Against all expectations, Qatar has managed to maintain its economic and social stability despite the fact that 40% of its food entered through Saudi Arabia by land. In this way, the blockade has only increased bilateral trade between the small emirate and the states of Iran and Turkey, making them important partners. In fact, with the fall of Turkey’s currency—the Lira—in the last year, Qatar announced that it would invest 15 billion dollars in the Turkish economy to alleviate the country’s economic problems.
Therefore, diplomacy between Saudi Arabia and Turkey remains in a stage of tension. Riyadh rejects Turkey’s cozying up to Qatar to such an extent that, the Crown Prince of Saudi Arabia, Mohamed Bin Salman, described Turkey as part of the "evil triangle" alongside Iran and radical Islamist groups.
This statement is not only explained with the Qatari issue. The Saudi kingdom perceives as a threat the new Turkish foreign policy and its positioning of troops in countries such as Syria and Iraq, added to its recent amicable dialogues with Russia.
In this sense, Ankara understands that in order to materialize its state project and revive the impetus and power that characterized the Ottoman Empire, it must displace Saudi Arabia as the main leader of the Sunni Muslim world. Both in Syria and in Iraq, it has successfully deployed its military forces, which allows it to maintain influence in both states, especially in a conflict as important as the Syrian civil war, which has the added dimension of the prospect of Kurdish self-determination—directly threatening Turkey.
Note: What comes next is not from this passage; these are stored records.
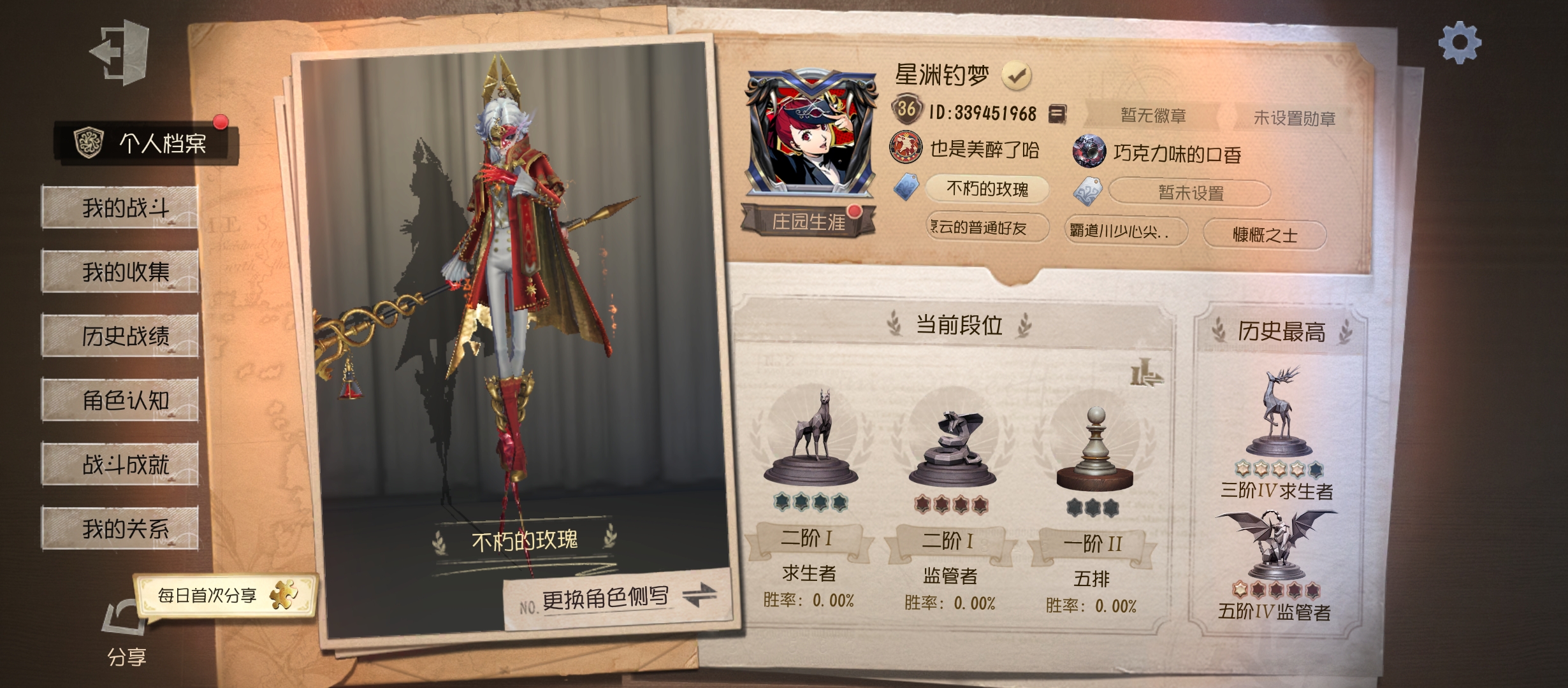 [11935129]第五人格 安卓官服 换绑冷却10.21 守夜人二限 万薯 4金皮 2金挂 哲人石 民谣乐手 司药 片刻闲暇 芳泽霞 坂本龙司 辉锑矿 冬 流离的月光 长腿小姐
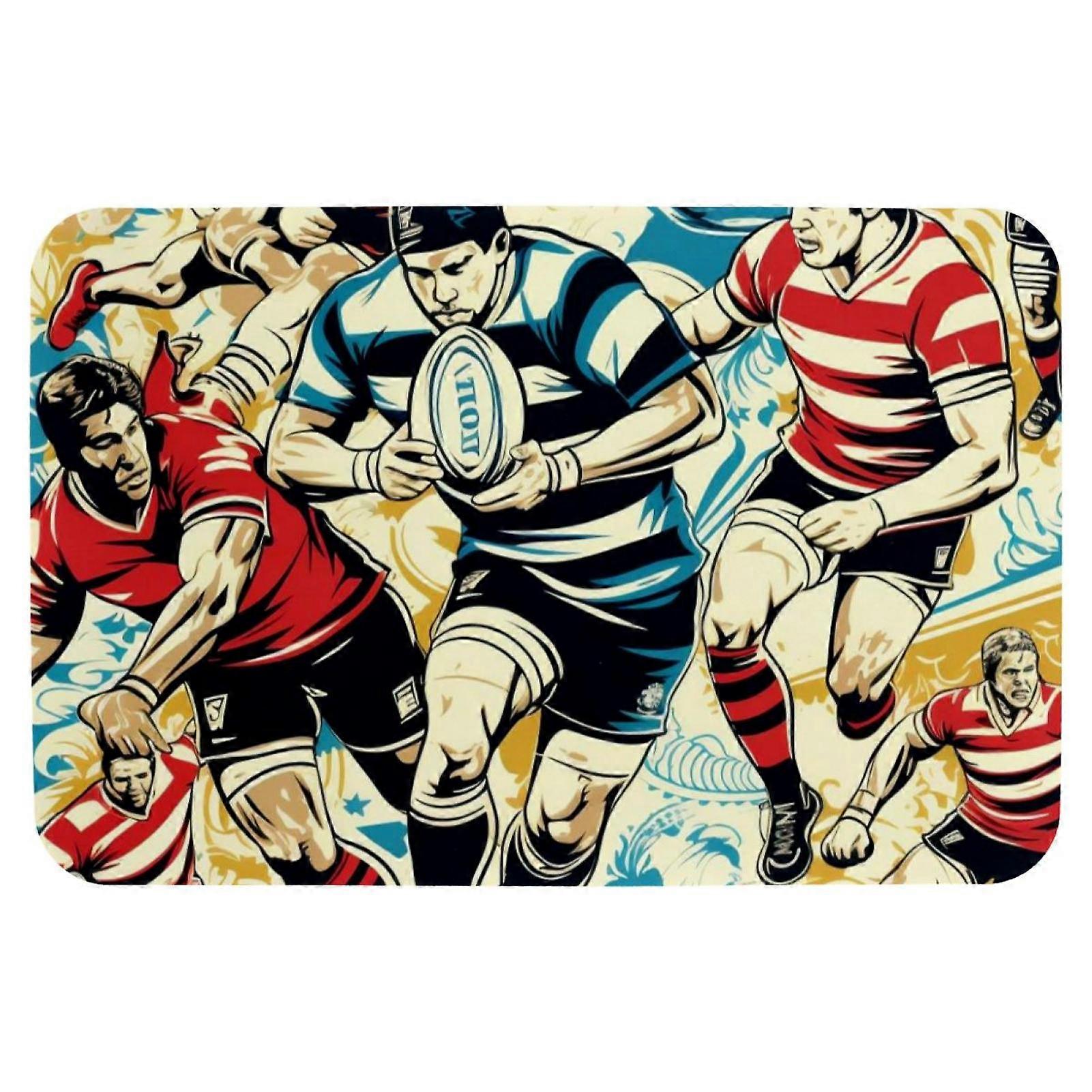 20x31in Rugby Sport Memory Foam Bath Mat, Machine Washable, Non-Slip, Quick Dry, Soft & Absorbent - Compatible with Standard Floors
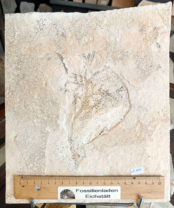 Brachyphyllum, Ordnung: Pflanzen (Plantea), Familie: Nadelholzgewächse (Coniferodopsida), Gattung: Brachyphyllum, Art: Brachyphyllum sp., Fundort: Mühlheim, Mörnsheimer Schichten, Stratigrapie: Oberjura, Tithonium, Solnhofen-Formation, Malm zeta 3, Durchmesser Pflanze max. ca. 17 cm, Gewicht ca. 1405 g, Plattenstärke ca. 1,1 cm, geschnittene Kante rechts ca. 29 cm.
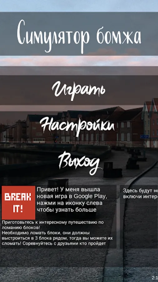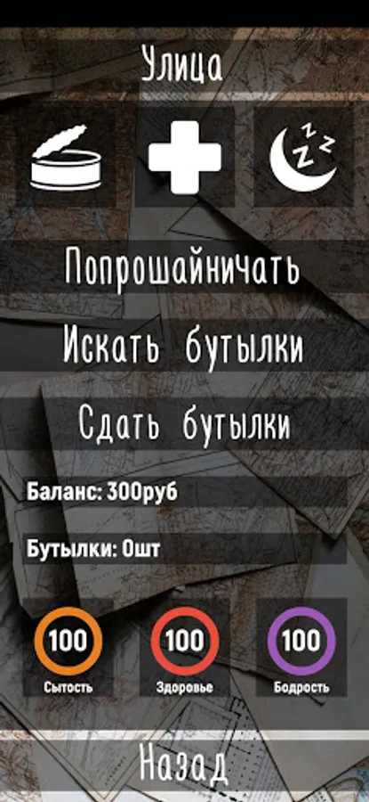 In this game you have to work for food, climb through the garbage dumps in search of an overnight stay, medicine or food.
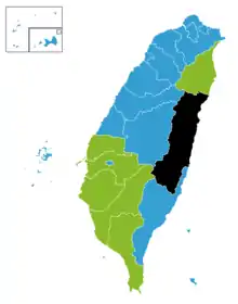 | Taitung County | 179,015 | 67.82 | Justin Huang | 64,272 | 54.41 | Liu Chao-hao | 53,860 | 45.59 | ![]() | ||
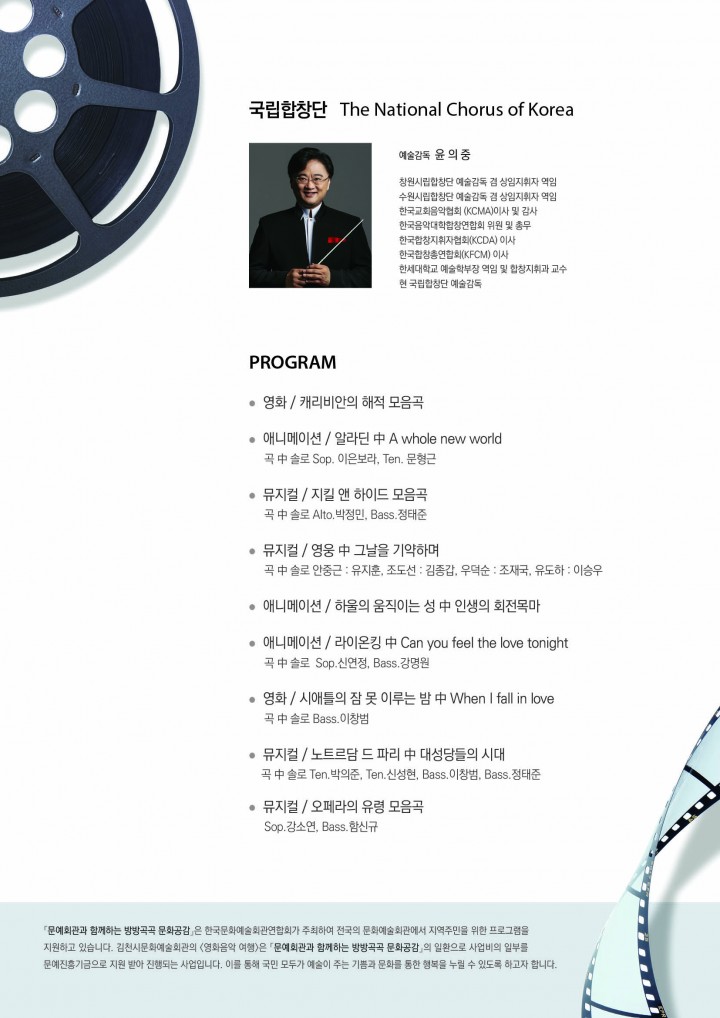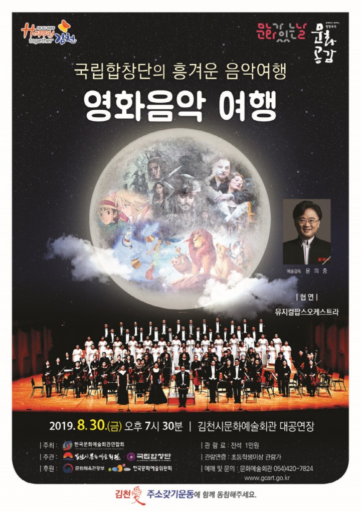 ‘영화음악 여행’은 <문예회관과 함께하는 방방곡곡 문화공감> 작품 중 국·공립 예술 단체 우수공연으로 선정된 작품이며 복권기금 문화나눔의 일환으로 한국문화예술회관연합회가 주관하여 전국의 문화예술회관에서 지역주민을 위해 진행하는 프로그램이다. 이날 공연에는 예술감독 윤의중 지휘자가 이끄는 국립합창단과 협연으로는 뮤지컬팝스오케스트라가 출연한다. 1973년 창단된 국립합창단의 윤의중 상임지휘자는 국내 주요 합창단의 예술감독과 지휘자로 수년간 활동하였으며 2005년 미국 미네아폴리스에서 열린 ‘국제남성합창페스티벌’에서 한국인 최초 객원지휘자로 초청받아 세계 각국에서 선발된 500여 명의 연합 합창단을 지휘하였고, 2015년 싱가포르 ‘국제합창페스티벌’ 심사위원 등을 맡아 국제적으로도 실력을 인정받았으며 세밀하고 정확한 지휘로 깊이 있는 합창 무대를 만들어 낸다는 평가를 받고 있다. 이번 공연은 영화 ‘캐리비안해적 모음곡’을 오케스트라 연주로 시작하여 에니메이션 ‘알라딘’, 뮤지컬 ‘지킬 앤 하이드’ 등 대중에게 친숙한 음악들로 프로그램이 구성되어 클래식을 보다 쉽게 이해할 수 있도록 짜여졌다. 또한 윤의중 지휘자의 열정적인 지휘와 뮤지컬팝스오케스트라가 협연하여 합창단의 풍성하고 화려한 공연으로 김천시민들의 눈과 귀를 사로잡을 예정이다. 공연시간은 약 70분 정도이며, 초등학생이상 관람이 가능하다. 공연 관람료는 전석 1만원이며 유료회원은 30% 할인 된 가격에 구매할 수 있다. 또한, 관람권 구입은 8월 14일(수) 오후 2시부터 문화예술회관 홈페이지(www.gcart.go.kr) 등을 통하여 예매할 수 있다.
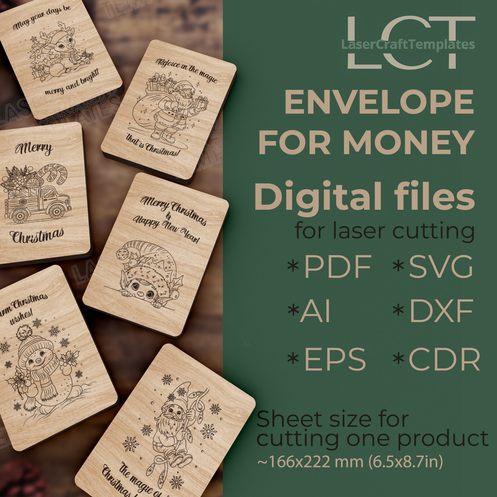 You will receive SVG, DXF, AI, EPS, CDR and PDF files, compatible with most laser cutting software.

With respect to Qatar, Ankara warns of an opportunity to confront, at least indirectly, Saudi Arabia; it intertwines trade agreements with the small emirate, which has its own agenda and is endowed with a large quantity of natural resources like natural gas. Thus it is evident that Ergodan’s aspirations—which due to his personalistic leadership are also Turkey’s aspirations—are to establish the country as the main regional actor, whose agenda is distinct from the West and its allies.